Они помолчали. Огурцов теперь тоже глядел в окно, видел тихий Тагар, бредущих по тротуару мальчишек; лицо у него было задумчивое, славное, спокойное. Он думал, наверное, минуты три, потом негромко сказал:
– Будем работать, Олег Олегович! Нам в общем-то по пути…
Прончатов был сильным человеком, но ему сейчас нужно было приложить усилие, чтобы не выдать радость, сохранять прежний безмятежный вид. Поэтому он отвернулся от механика, прислонившись лбом к оконному стеклу, стиснул зубы. Он прислушивался к самому себе, как прислушивается врач к шорохам легкого, и ему казалось, что он слышит ход часов на собственной руке, заложенной за спину.
– Спасибо! – немного спустя сказал Прончатов. – Мерси!
Он выпрямился, поправил узел галстука, одернул привычными движениями манжеты и вдруг мгновенно переменился, словно переводная картинка: секунду назад она была тусклая, серая, но вот с нее сдернули бумагу – и все стало ярким. После этого Олег Олегович сделал шаг вперед и улыбнулся своей знаменитой улыбкой, от которой механик Огурцов почувствовал непреодолимое желание незамедлительно сделать для Прончатова что-то хорошее-то ли благодарить его, то ли обнять за широкие плечи. Рубахой-парнем, свойским до гробовой доски человеком, душкой-милягой был главный инженер.

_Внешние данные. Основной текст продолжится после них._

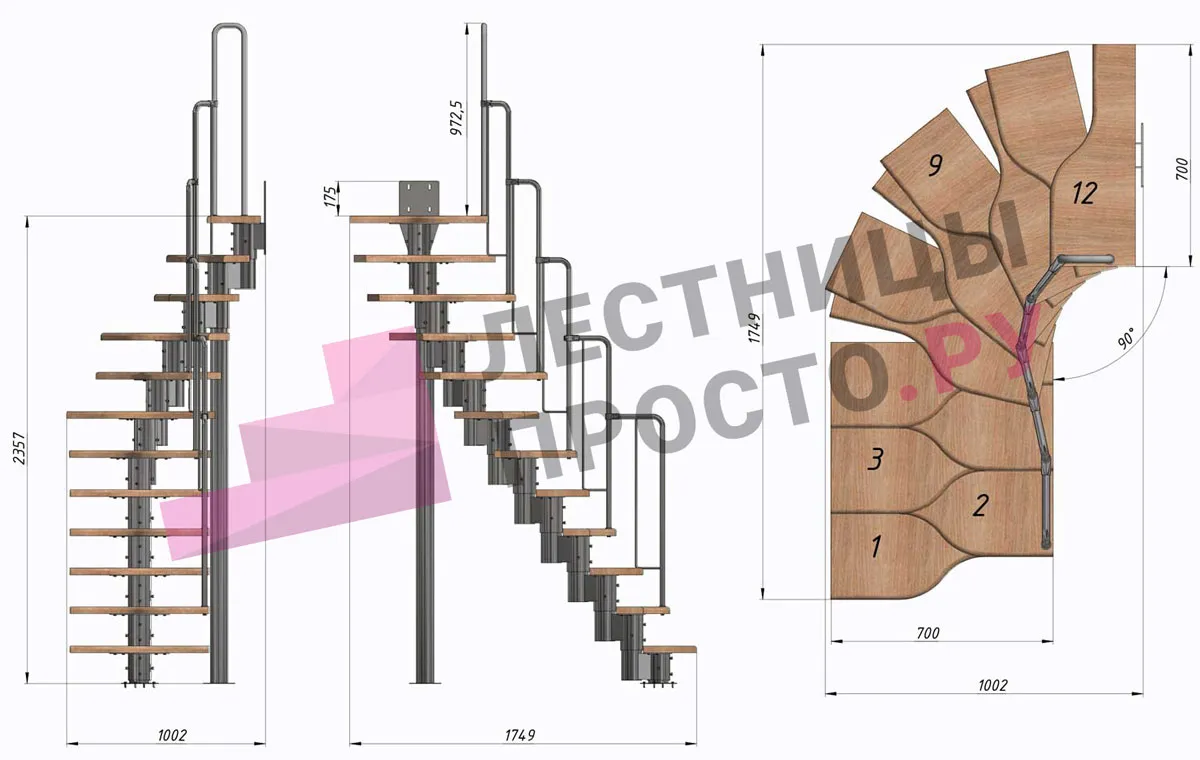 соответствует картинке, но вы не ограничены в его выборе. Лестницу можно приобрести и без ограждения, и с любым другим. Устанавливать на такую лестницу можно почти всё, начиная от классических деревянных балясин и заканчивая эксклюзивными коваными изделиями.
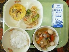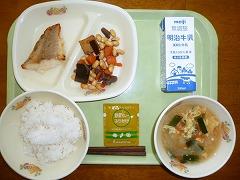 今日は地産地食メニューです。3年生は、先週豆腐作りにチャレンジしたので、特に興味をもって食べてくれるものと期待しています。五目豆煮は、具材それぞれがしっかりとした歯応えなので、よく噛んで食べることにつながります。かんぴょうの卵とじ汁は、にらの風味と色合いが美味しさをアップさせてくれます。魚の臭いが苦手な子も、粕漬けにするとあらためて魚の美味しさに気づくのではないでしょうか。
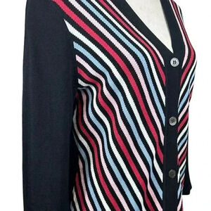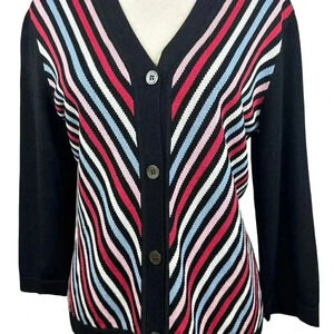 Doncaster sweater. Cardigan style. Buttons on front. Angled stripes. Multi colored. Long sleeves
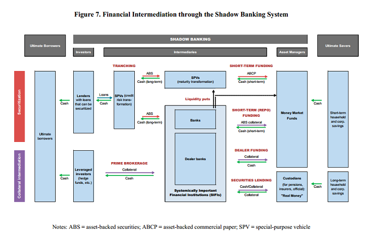 Ce schéma illustre bien les liens entre les établissements régulés (Banques, Prime Brokers) et non régulés sont nombreux. Les interactions au sein du shadow banking sont par ses agents ou par ses mécanismes d’échange reliées au secteur bancaire. Ses activités sont majoritairement complémentaires aux activités classiques permettant une optimisation des investissements.
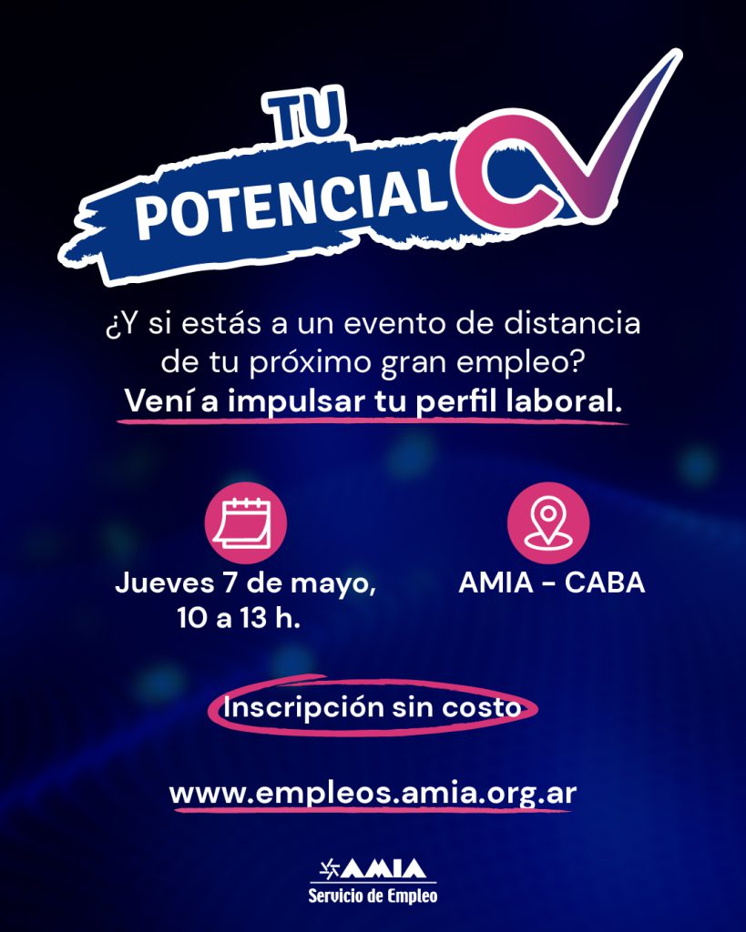 Con motivo del Día Internacional del Trabajador, el Servicio de Empleo AMIA (SEA) llevará adelante “Tu Potencial CV”, una jornada gratuita, que se realizará el jueves 7 de mayo, a las 10, en Pasteur 633, y que está destinada a personas que se encuentren en la búsqueda laboral. La propuesta incluirá un taller de orientación laboral, contenidos sobre inteligencia artificial aplicada al empleo y espacios de corrección de CV.
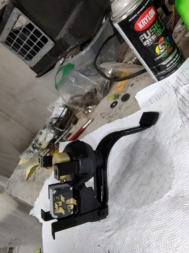 The switch was masked off, so that I could sandblast it and paint the assembly semi-gloss black (the can in the picture is not the one I used) before re-assembly.
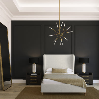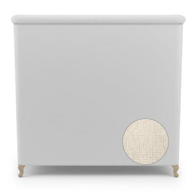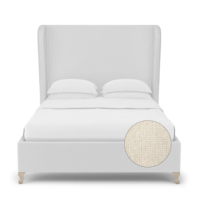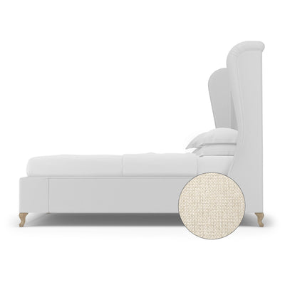 This soft, sweeping and rolled bed frame is a modern update to a classic shelter and wingback bed. The tailored bed with piping detail, rests on solid queen anne feet that acenuate the curves of the silhouette.
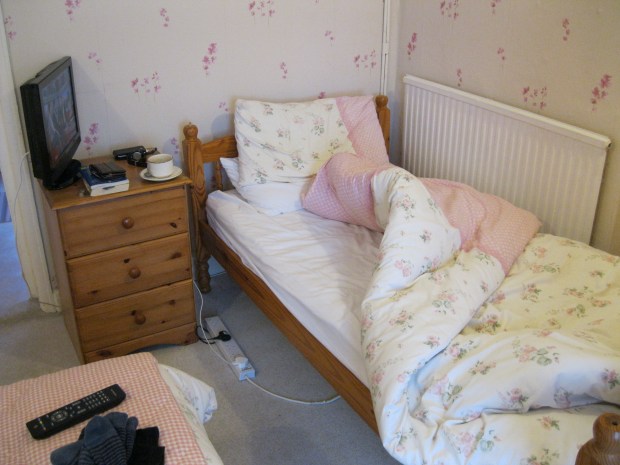 I slept with my legs hanging well over the end of the bed and my neck straining to watch the miniature TV, which was thoughtfully positioned on my bedside table so that it could be viewed from the double bed on the other side of the room. This meant that, to view the telly, I had to perform an act worthy of a skilled contortionist: to be fair, by turning my body sideways I found I did have a good view, not surprising really since my eyes were then only about 6 inches from the screen.
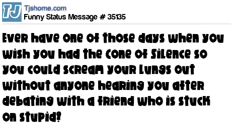 X is ever have one of those days when you wish you had the Cone of Silence so you could scream your lungs out without anyone hearing you after debating with a friend who is stuck on stupid?
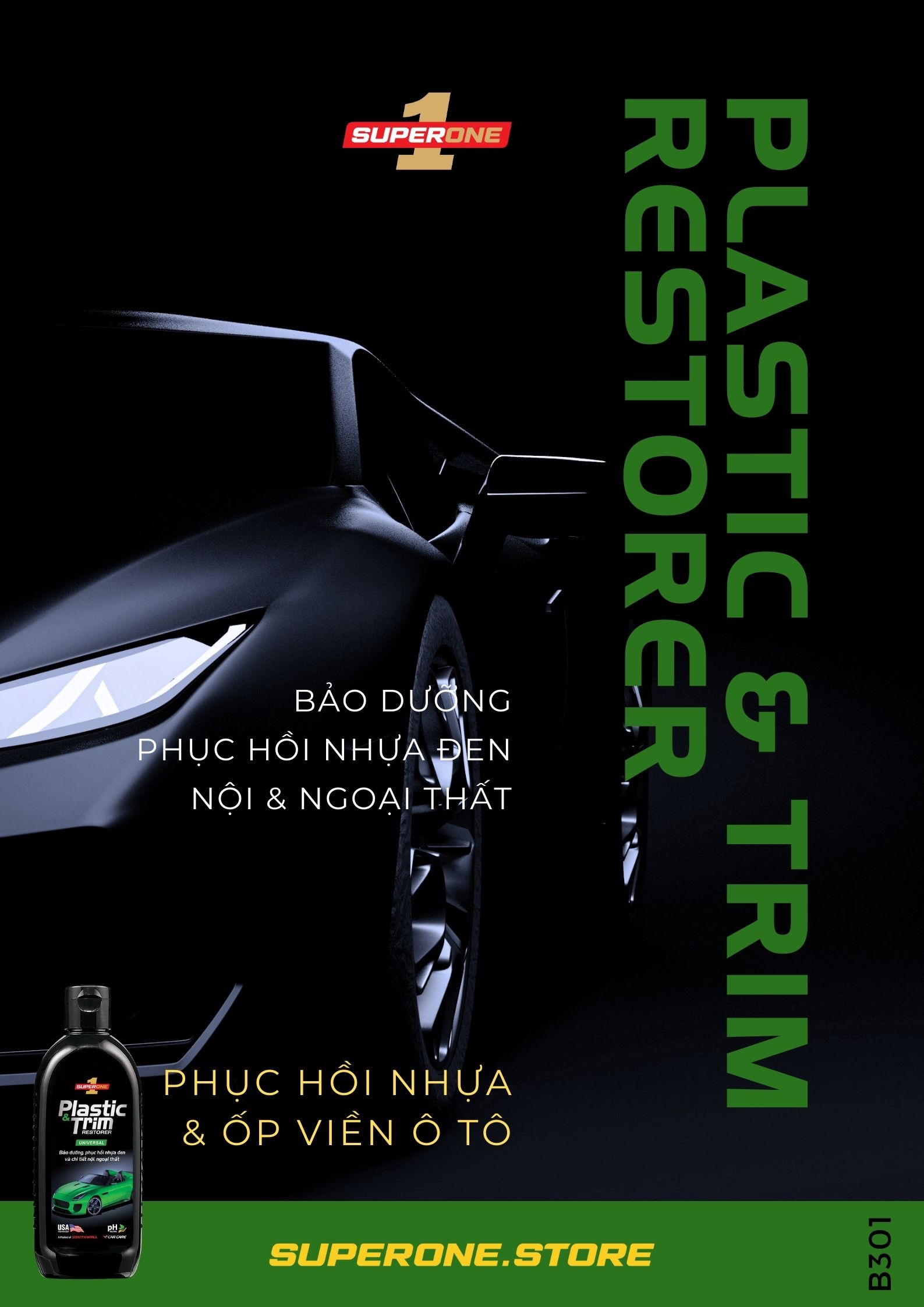 BẢO DƯỠNG, PHỤC HỒI NHỰA ĐEN NỘI, NGOẠI THẤT   Kem Phục Hồi Bảo Dưỡng Nhựa & Ốp Viền Ô Tô Super One Plastic & Trim Restorer - Universal, sản phẩm đa năng dành riêng cho nhựa, cao su và da tổng hợp trên xe ô tô của bạn. Sản phẩm này được công thức hóa để làm sạch, bảo vệ và phục hồi màu sắc tươi sáng của tất cả các thành phần nhựa, cao su và vinyl trên xe của bạn. Bảo quản các chi tiết bên trong như bảng điều khiển, taplo, cửa xe và ron viền, đồng thời làm mới các bề mặt nhựa không sơn. Công thức khô nhanh, không nhờn, kháng nước tốt và ngăn ngừa hiện tượng nhựa mất màu do tác động của tia UV. Sản phẩm còn giúp làm mờ nhẹ các vết trầy và loại bỏ các vết xỉn màu.   Đặc Tính Sản Phẩm
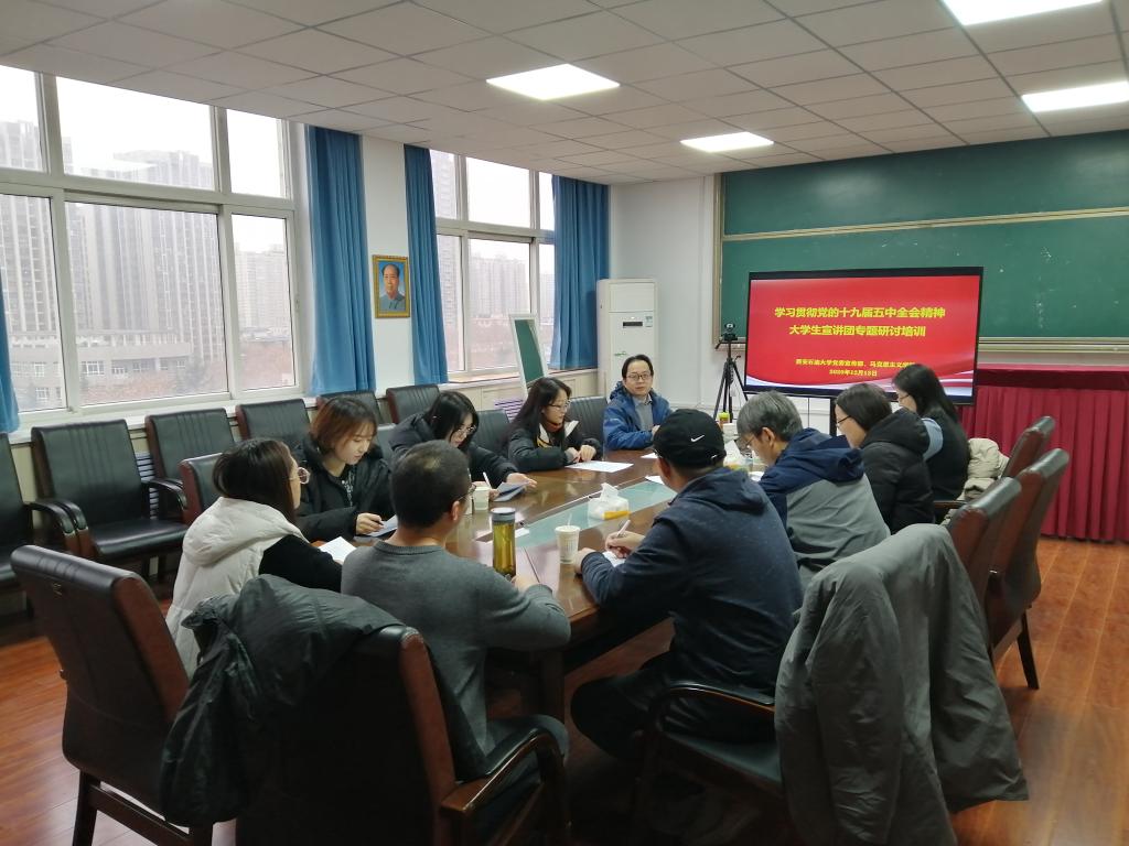 12月13日上午,馬克思主義學(xué)院舉辦了學(xué)習(xí)貫徹黨的十九屆五中全會(huì)精神大學(xué)生宣講團(tuán)專(zhuān)題培訓(xùn)會(huì),會(huì)議采用騰訊會(huì)議線上線下相結(jié)合的方式在雁塔校區(qū)1#818、鄠邑校區(qū)經(jīng)管人文樓325室同時(shí)召開(kāi)。大學(xué)生宣講團(tuán)全體成員和各小組指導(dǎo)教師參加了會(huì)議。本次會(huì)議由學(xué)院副院長(zhǎng)肖發(fā)榮老師主持。
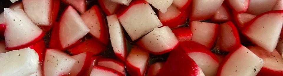Begin by dicing up the radishes. Some people do not like the skin, so if you don’t, remove it first, and then dice up the radishes. Place in a owl, and add the white wine vinegar, olive, pepper, and sugar to taste. Allow to sit overnight if possible. The following day you are left with a colorful little side dish!
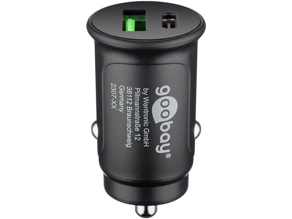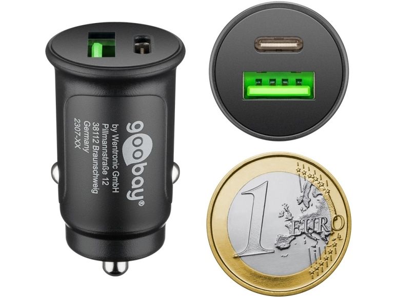 27W (12/24V) suitable for devices with USB-C™ (Power Delivery), such as iPhone 12 compatible with the following Apple iPhone models: iPhone 13 Pro, iPhone 13 Pro Max, iPhone 13 mini, iPhone 13, iPhone 12 Pro, iPhone 12 Pro Max, iPhone 12 mini, iPhone 12 iPhone 11 Pro, iPhone 11 Pro Max, iPhone 11, iPhone SE (2nd generation), iPhone XS, XS Max iPhone, iPhone XR, iPhone X, iPhone 8, iPhone 8 Plus Apple iPad models: 12.9" iPad Pro (4th generation), 12.9" iPad Pro (3rd generation), 12.9" iPad Pro (2nd generation), 12.9" iPad Pro (1st generation ), 11" iPad Pro (2nd generation), 11" iPad Pro (1st generation), 10.5"iPad Pro, iPad Air (4th generation), iPad Air (3rd generation), iPad (8th generation ), iPad (7th generation), iPad mini (5th generation) or Apple AirPods, AirPods Pro, AirPods with wireless charging case (Gen.2) The charger in mini format charges two devices simultaneously on the cigarette lighter via USB-A or USB-C™ charges up to 4x faster than standard chargers (from 0% to 50% in 30 minutes) Quick charger especially for Apple iPhone and iPad. Due to its extremely compact design, the charging adapter almost completely disappears in the cigarette lighter and turns it into a USB socket. It can be easily removed with the fingertips. Compatible with smartphones like Apple iPhone, Samsung Galaxy, Nokia, Xiaomi, Google Pixel, LG, Huawei, Blackberry, tablets like Apple iPad Pro / Air / Mini, Powerbank and external batteries Suitable for use in cars with 12V as well as in trucks with 24V input voltage An integrated protection electronics secures the connected devices and offers multiple protection against overcurrent, overload, overheating.
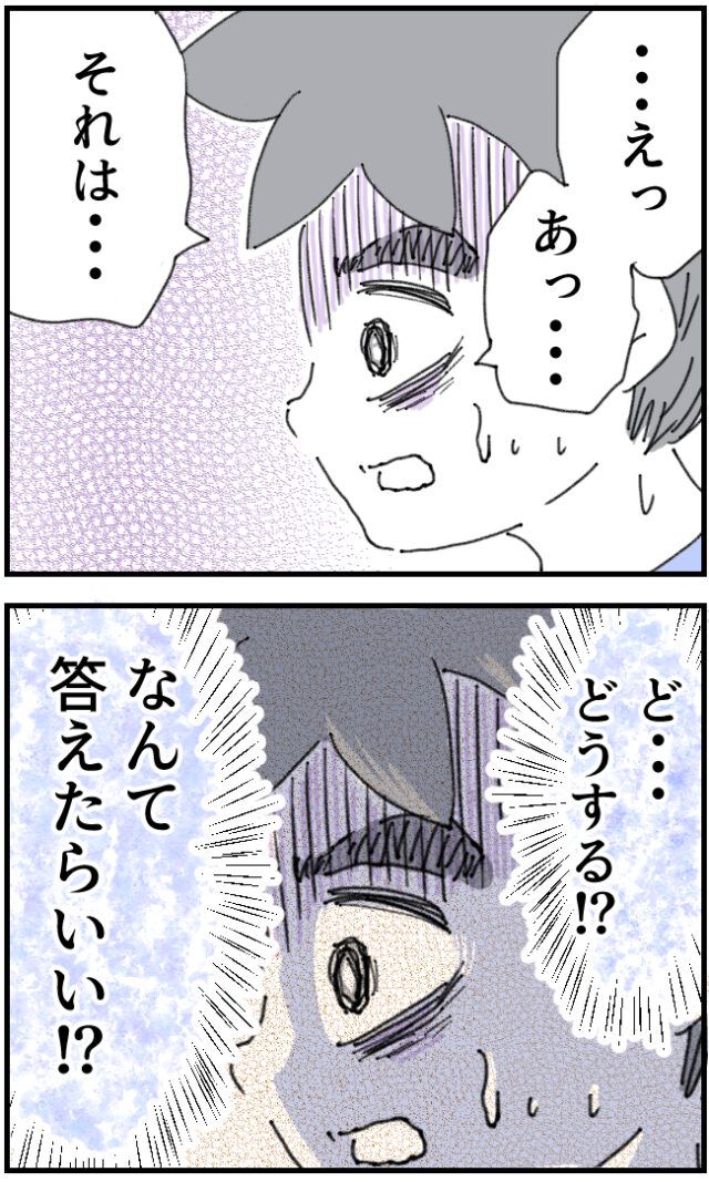 「まさか・・『その女の仕事を手伝ってた』なんて言わないよね・・?」かおりさんに真っ直ぐ目を見てたずねられたいちろうさん、「・・えっ、あっ・・それは・・」と言葉に詰まりながらも頭の中に思いが駆け巡ります。「なんて答えたらいい?あの時帰れなかったのは、白石ちゃんの仕事を代わりにやってたからなんだ!!かおりが一人で苦しんでたり、育児がこんなに大変だなんて思ってもみなかったから!!」過去の自分自身を反省するいちろうさん、「けど、それを正直に話したら本当に何もかも終わっちゃうかもしれない・・!!それだけは・・嫌だっ!!」そして「あ・・あの時は、大きなプロジェクト担当者が・・急に辞める事になって人手が・・」いちろうさんがかおりさんに話し始めました。
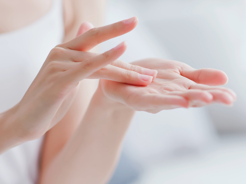 コットンよりも、手のひらで包み込むようにハンドプレスするのがおすすめです。

– Эдгар Иванович, а Эдгар Иванович, – вкрадчиво сказал он, – а ведь лебедки-то Мерзлякова надо любить! Ненависть к старому, конечно, полезна, но лебедки-то надо любить…
Прончатов вдруг заинтересовался картой мира, что висела за его спиной; подошедши к ней, проследил, как впадает в океан экзотическая река Амазонка, покивал одобрительно, хмыкнул удовлетворенно, затем пробормотал:
– Фантастика!
Механик насторожился: он уже знал, что надо ждать необычного, если Прончатов вкрадчиво ходит возле карты мира и хмыкает. И вид у главного инженера был именно такой легкомысленный, фатоватый, когда надо было ждать необычного.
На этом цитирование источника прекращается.